Helping solve sibling rivalry

Ankle Sprains

Enjoy your reading and don’t forget if you have a topic you would like covered e-mail it to jason@readyrugby.com.au

Helping solve sibling rivalry

While there will always be arguments between your children, there are ways you can help minimise conflict and unhealthy competition:

    * Understand that each child has different needs and interests, and that you need to give them the space and time to nurture these interests - even if it means protecting them from the little hands of a younger sibling
    * Avoid arguments about sharing and turn-taking by making sure that there are enough blocks cars, dress-ups for everyone to enjoy
    * You need to spend one-on-one time with every child regularly. Never let your children feel that you don't have enough time for them
    * Give each of your children a little space they can call their own
    * Let each child have his own special items that don't have to be shared with siblings - this only works, though, if every child in the house understands what is and isn't to be shared
    * Make sure that all your children are being catered for.
    * Never compare your children - and never, ever say 'Why can't you be more like your brother?' because this will only ever lead to resentment
    * Be sure that everyone in the household understands the house rules and they are equitable. If a rule is broken, insure that the reprimands are equally dealt out
    * Try to teach your children strategies that will help them to learn how to problem-solve fairly
    * Be affectionate with all your children, regardless of age and sex
To read more go to www.kidspot.com.au/article+104+39+Helping-solve-sibling-rivalry.htm

Ankle Sprains

Ankle sprains are one of the most common sports injuries. A sudden jolt or twist can overstretch and tear the supporting ligaments of the joint, causing pain and swelling. Treatment options include rest, icepacks, and exercises to increase strength and mobility.

The ankle joint
The ankle joint has three bones that are precisely shaped to interlock and give stability. Strong bands of connective tissue called ligaments reinforce the joint and help hold the bones together. These ligaments prevent too much movement of the joint.

Ankle sprain
A sudden movement or twist, often when the foot rolls in, can overstretch the supporting ligaments, causing ligament tears and bleeding around the joint. This is known as an ankle sprain. This is a common injury, particularly in activities that require running, jumping and change of direction (such as basketball and netball). Some people are particularly prone to recurring ankle sprains.

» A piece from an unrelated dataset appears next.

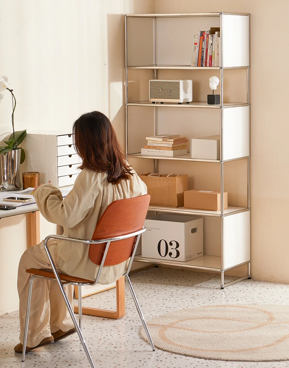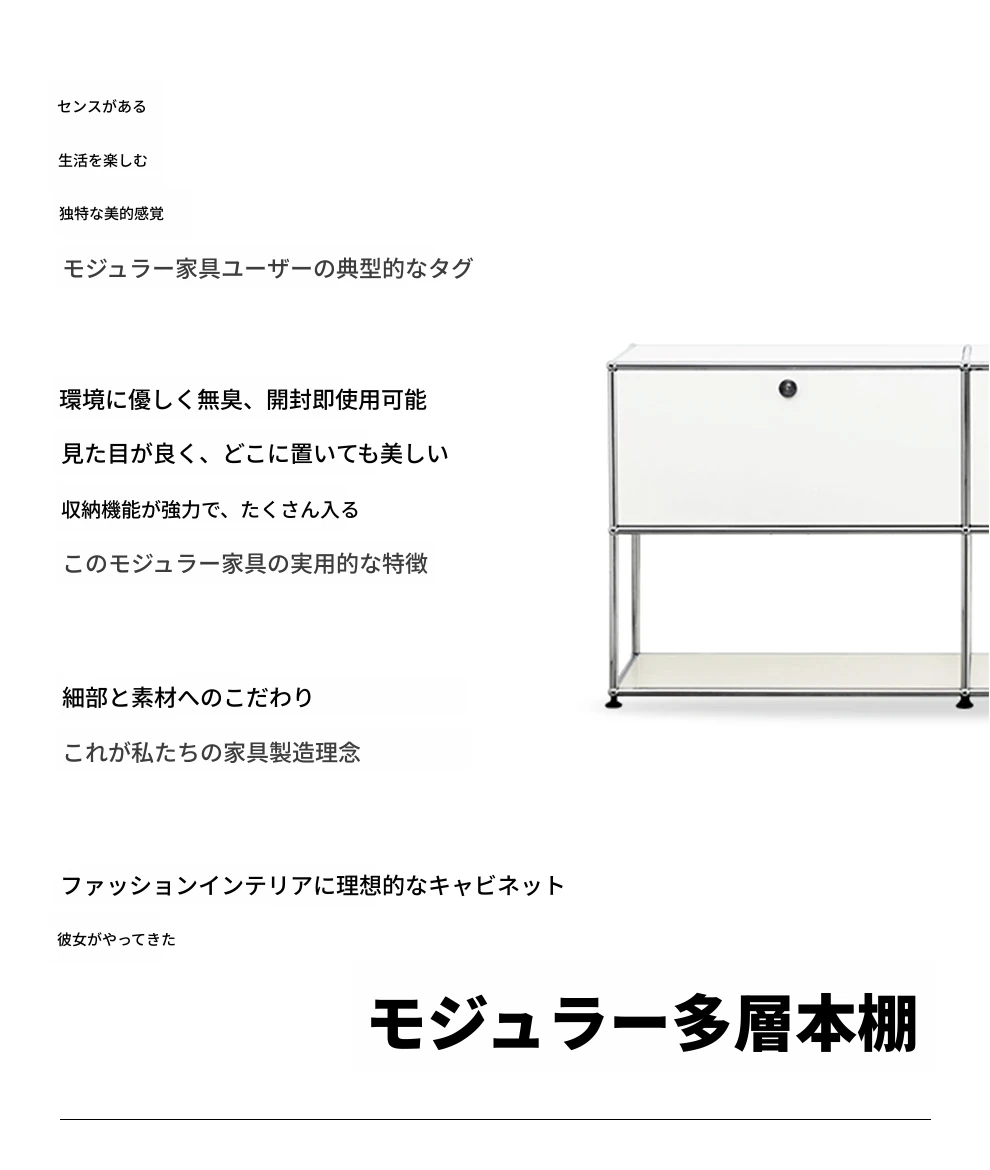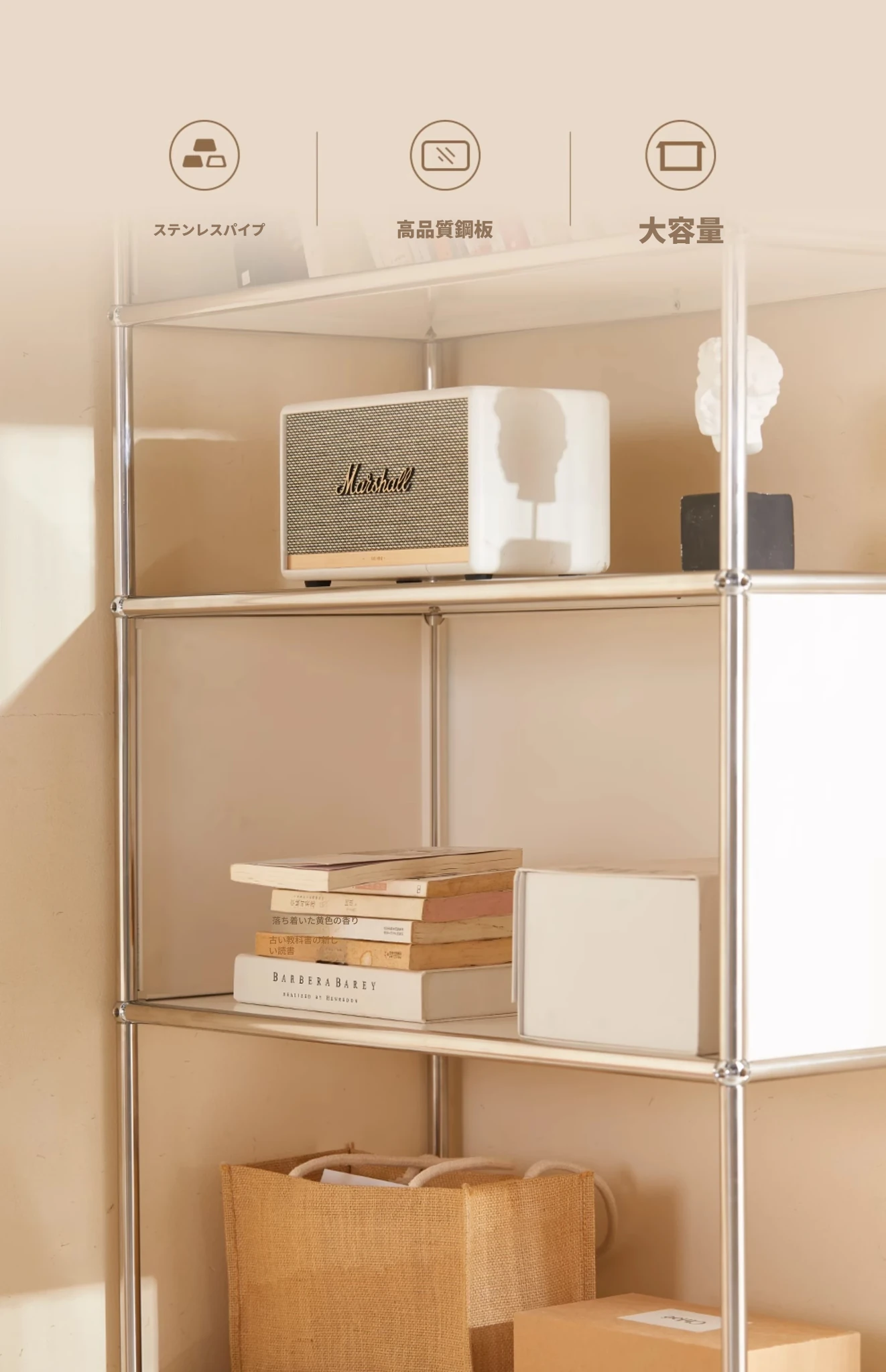 スタイリッシュなUSMモジュラー書棚 - 自由に組み合わせ可能なステンレス製の多層ディスプレイラック!おしゃれなインテリアで、あなたの空間をスマートに演出します。理想的な収納ソリューションを今すぐ手に入れましょう!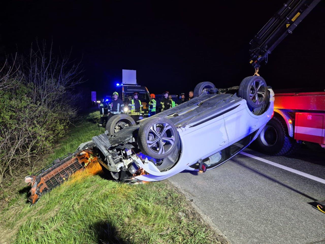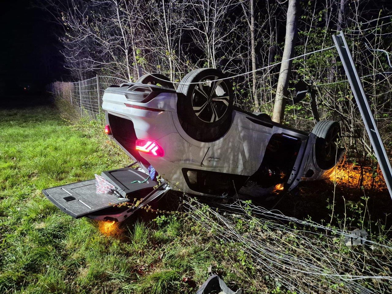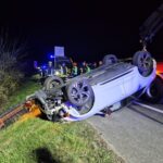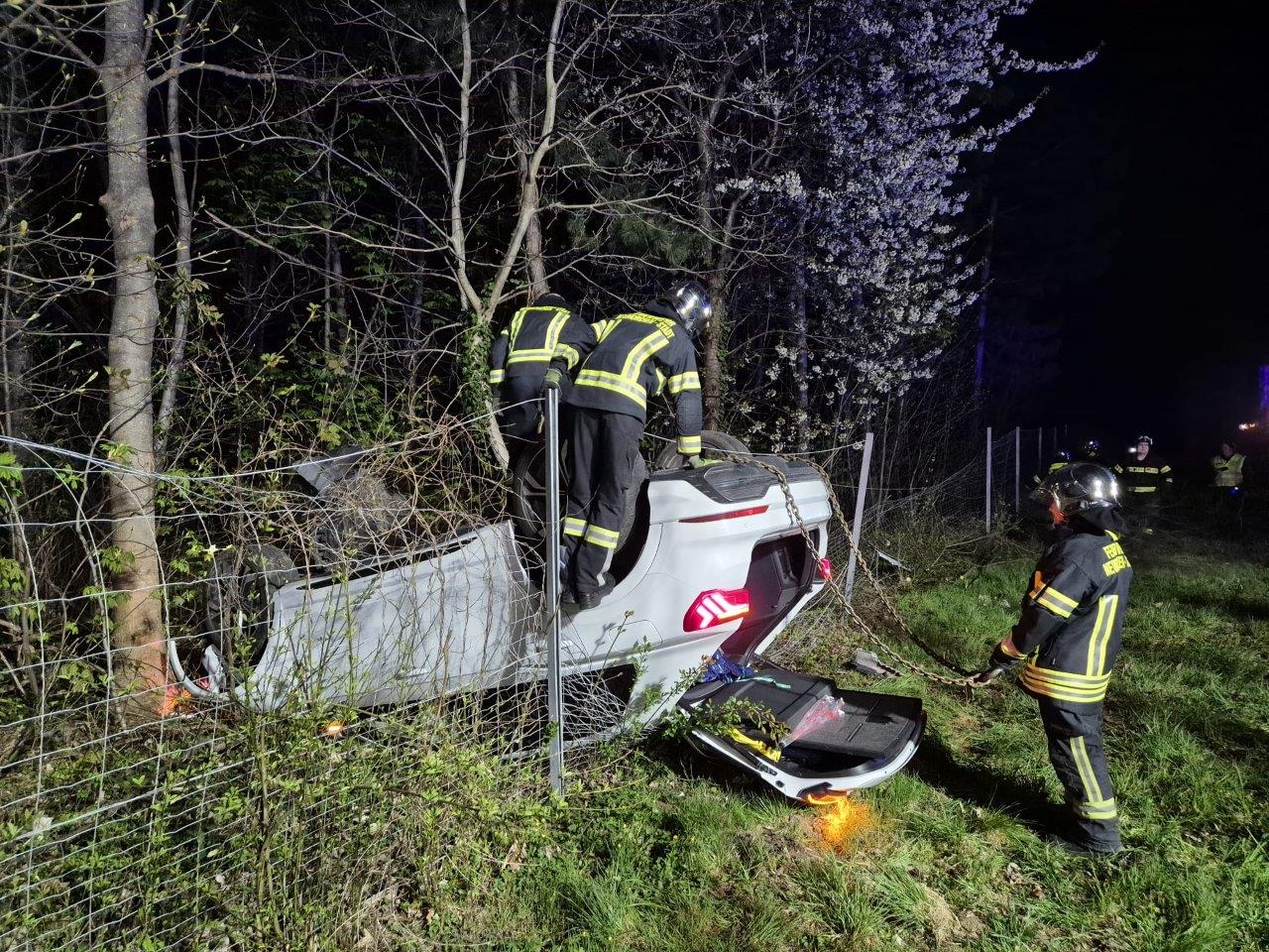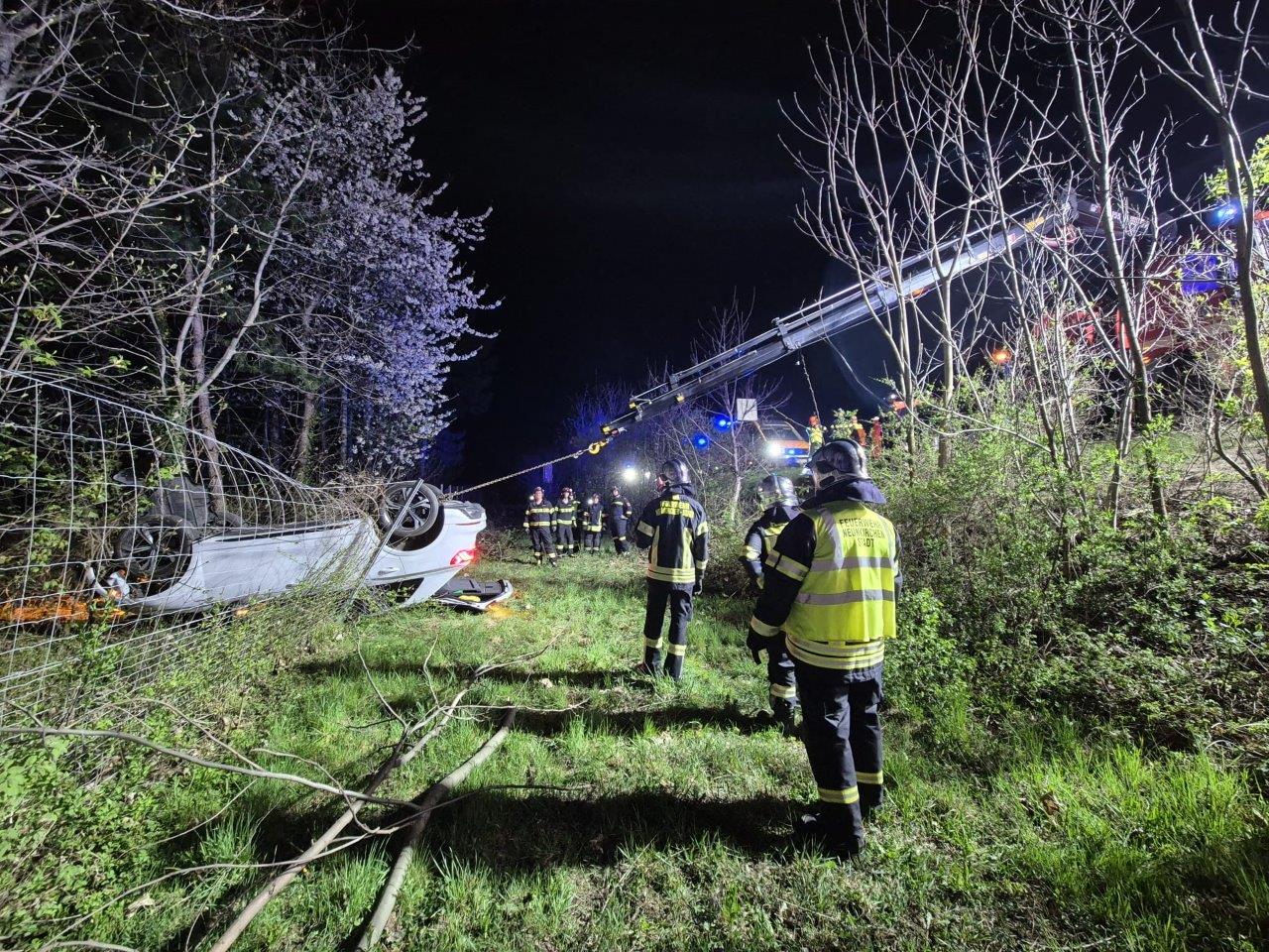 Eine Lenkerin kam bei Breitenau aus noch unbekannter Ursache von der Fahrbahn ab und stürzte über eine Böschung. In Folge überschlug sich der Wagen, durchbrach einen Wildschutzzaun, krachte gegen eine Baum und blieb am Dach liegen.

The symptoms of ankle sprain include:

    * Swelling – the ankle can swell in minutes or over several hours.
    * Pain in the ankle joint when trying to move it and when walking, especially when the knee goes forward over the foot.

First aid
Suggestions for immediate treatment of an ankle sprain include:

    * Stop your activity.
    * Rest the injured joint.
    * Use icepacks every two hours, applied for 15 minutes.
    * Bandage the joint firmly, and extend the wrapping up the calf and down the foot.
    * Raise the ankle above heart height whenever possible.
    * Avoid exercise, heat, alcohol and massage in the first 48 hours, as these can all exacerbate swelling.

Recurring ankle sprains
Some people suffer from recurring ankle sprains. This can be caused by a number of factors working in combination, including:

    * Ligament scarring and excess looseness, as a result of previous ankle sprains
    * Insufficient rehabilitation from previous sprains. This can lead to weak muscles surrounding the ankle joint, especially on the outside (peroneal muscles). It can also cause decreased capacity to judge where your foot is in relation to your leg; this is called a proprioceptive deficit.